Saggart is a growing area with major expansion planned. Much money has been spent on the school and it is desirable that it should not be reduced to a three teacher school. I plead with the Minister to intervene because this is a case of bureaucracy gone mad. There is a compelling argument to resolve this problem without any more ado.

): I wish to apologise on behalf of the Minister who is unable to attend this Adjournment debate.

I understand that parents of pupils in St. Mary's national school, Saggart have withdrawn their children from school because the post of the fourth teacher in the school will be discontinued as from the beginning of the next school year next September.

As the Deputies will appreciate, it is possible to administer staffing arrangements for national schools in an orderly way only on the basis of rule. Any other arrangement would be unworkable in a system of over 3,000 schools. The basic features of the relevant rules are, first, that the staffing is determined by reference to the number of pupils on roll on 30 September of the preceding year. Second, there is a prescribed number of pupils required for each teaching post.

In the case of St. Mary's national school, there were 92 pupils enrolled in the school on 30 September 1992. This enrolment warrants a staff of principal plus two assistant teachers for the year 1993-94 school year. An enrolment of at least 94 pupils was required on that date in order to retain the post of third assistant. Incidentally, the enrolment in the school in the preceding year, 30 September 1991, was 105 and the year before that again 110.

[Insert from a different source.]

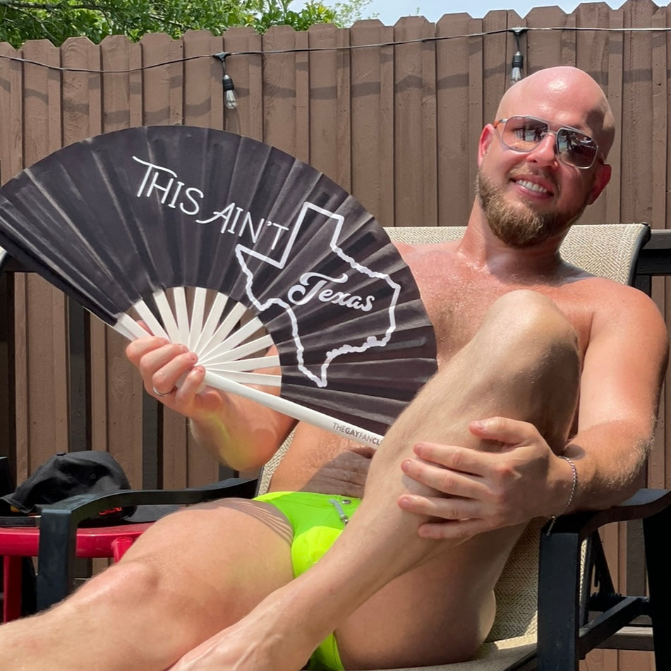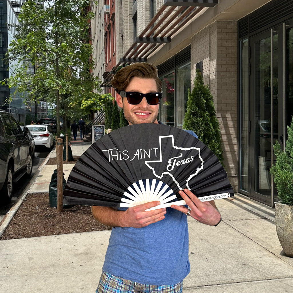 • 🤠 Bamboo hand fan with bold “This Ain’t Texas” statement

I should also mention that the school has, additionally, the services of a remedial teacher on a shared basis.

The only exceptions that can be made from the general staffing arrangements are in the case of developing schools or where the Department's guidelines on maximum class sizes are being breached. The Department would be prepared to examine the school's position in September next in the context of maximum class size or developing school status. However, the information available to the Department would not indicate that either of these conditions is likely to be met.

The Minister very much much regrets that the parents have decided to picket the school and to withdraw their children from classes as from yesterday, 24 May. Such action can achieve nothing and it is their own children who will suffer most. As I have indicated, it is not possible to depart from the general arrangements in the case of individual schools. The Minister appeals to parents to lift their pickets so that their children can resume their education.

I appreciate that the loss of a teaching post is always a matter of concern to a school and to parents and the Minister is willing therefore to arrange for a senior official of her Department to meet the parents if they wish to discuss the matter further.

The Dáil adjourned at 9.05 p.m. until 10.30 a.m. on Wednesday, 26 May 1993.